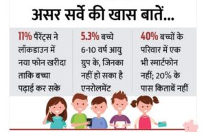 एनुअल स्टेटस ऑफ एजुकेशन रिपोर्ट (ASER या असर) 2020 में इस बार कोरोना का देशभर में पढ़ाई पर असर जानने की कोशिश की गई है। रिपोर्ट में कुछ चौंकाने वाले तो कुछ चिंताजनक तस्वीर पेश करने वाले आंकड़े सामने आए हैं। रिपोर्ट कहती है कि 11% परिवारों ने लॉकडाउन के दौरान नए फोन खरीदे। इनमें भी 80% ने स्मार्टफोन खरीदे, ताकि घर पर बच्चे पढ़ाई कर सकें। जिन परिवारों के पास स्मार्टफोन नहीं हैं, उनमें से भी 13% ने कहा कि उनके बच्चे किसी और का स्मार्टफोन इस्तेमाल करते हैं।
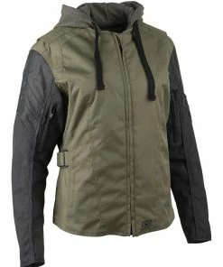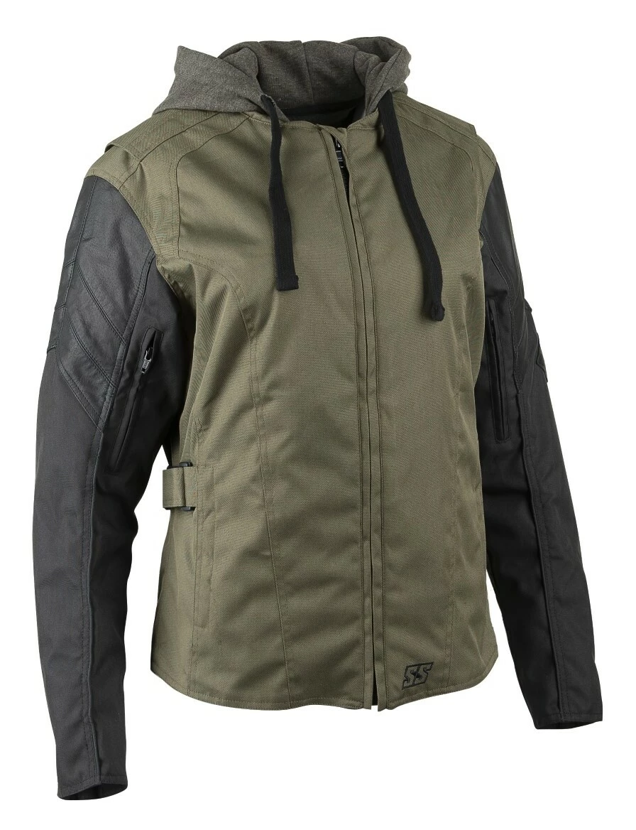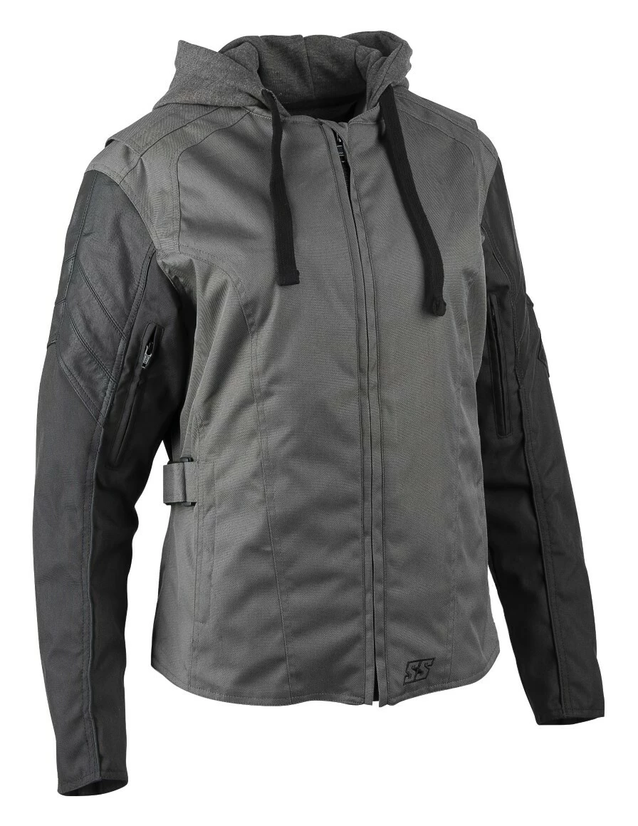 The Speed and Strength Double Take Women’s Jacket is constructed from a leather and AR-600 fabric that provides water resistance in small rain showers. Removable CE Level 2 armor on shoulders and elbows combines with a removable CE Level 1 back protector for all around protection. A removable cotton and polyester hooded vest liner is included for when the temperatures drop. An armed response concealed carry pocket allows riders to keep that thing on them for when the road gets rough. Reflective trim ensures that all the other drivers on the road see you even if you don’t see them.
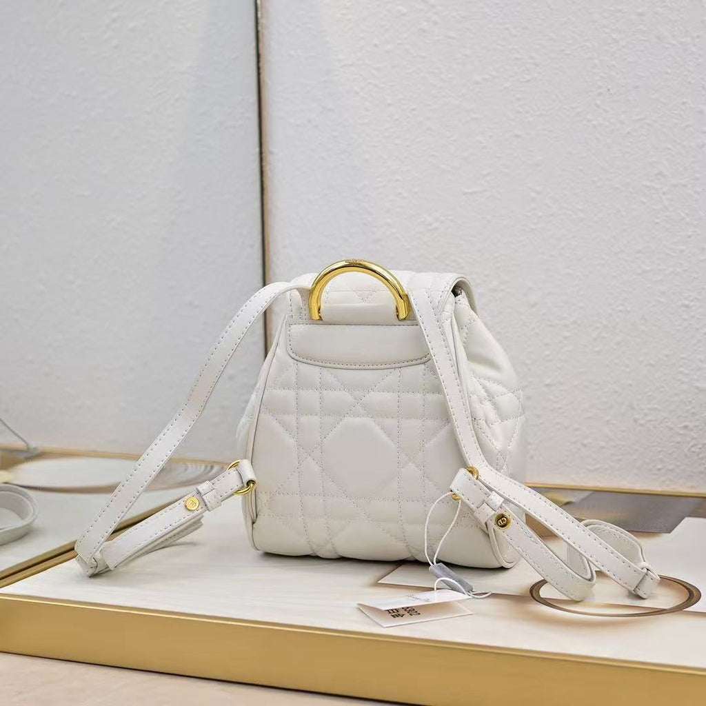Dimensions: 19.5 x 18.5 x 8.5 cm. This Di*r Caro backpack, a new addition to the Cruise 2025 ready-to-wear collection, embodies chic elegance. Meticulously crafted, it features oversized cannage topstitching for a refined look. The flap is adorned with a CD logo in antique gold-finish metal. It opens to a main drawstring compartment and a small flap pocket for everyday essentials. Gold-finish handles and an adjustable shoulder strap provide added comfort.
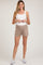 A pair of soft knit maternity lounge shorts featuring a smocked elastic waistband and a lettuce edge hem.
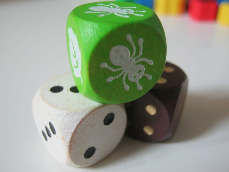 Le jeu comporte 3 dés : un blanc et un marron, classiques à point allant de 1 à 6, et un enfin un vert avec des symboles. Le dé vert possédant 3 symboles différents :
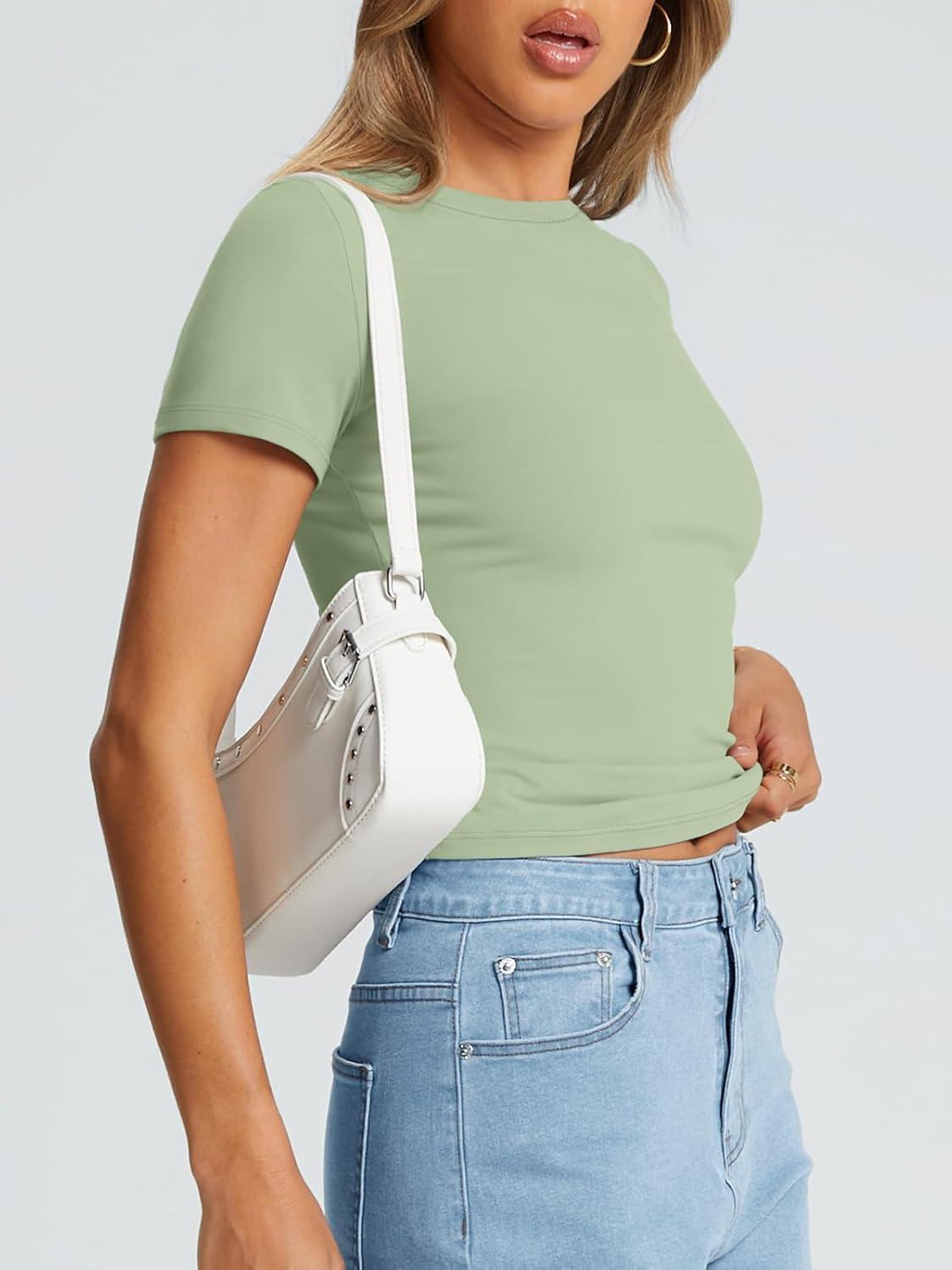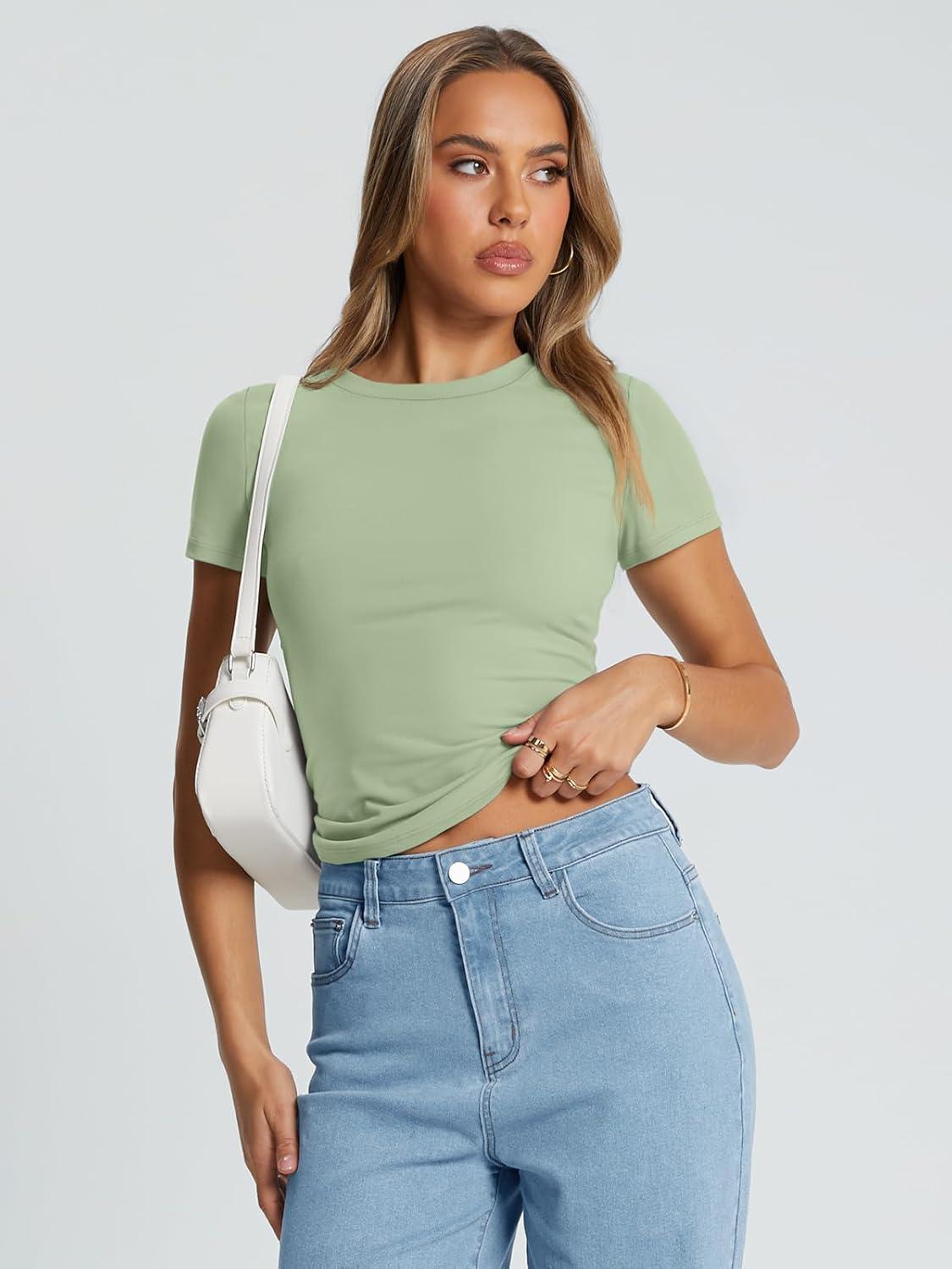 Trendy Queen Womens Basic T Shirts Summer Tops 2026 Crop Short Sleeve Slim Fit Tee Cute Gym Workout Clothes(Lightgreen)

· · · · ·

Leave out the pictures and repeat exactly the lines from the start of the material through the line that contains "The Speed and", both included.

 एनुअल स्टेटस ऑफ एजुकेशन रिपोर्ट (ASER या असर) 2020 में इस बार कोरोना का देशभर में पढ़ाई पर असर जानने की कोशिश की गई है। रिपोर्ट में कुछ चौंकाने वाले तो कुछ चिंताजनक तस्वीर पेश करने वाले आंकड़े सामने आए हैं। रिपोर्ट कहती है कि 11% परिवारों ने लॉकडाउन के दौरान नए फोन खरीदे। इनमें भी 80% ने स्मार्टफोन खरीदे, ताकि घर पर बच्चे पढ़ाई कर सकें। जिन परिवारों के पास स्मार्टफोन नहीं हैं, उनमें से भी 13% ने कहा कि उनके बच्चे किसी और का स्मार्टफोन इस्तेमाल करते हैं।
 The Speed and Strength Double Take Women’s Jacket is constructed from a leather and AR-600 fabric that provides water resistance in small rain showers. Removable CE Level 2 armor on shoulders and elbows combines with a removable CE Level 1 back protector for all around protection. A removable cotton and polyester hooded vest liner is included for when the temperatures drop. An armed response concealed carry pocket allows riders to keep that thing on them for when the road gets rough. Reflective trim ensures that all the other drivers on the road see you even if you don’t see them.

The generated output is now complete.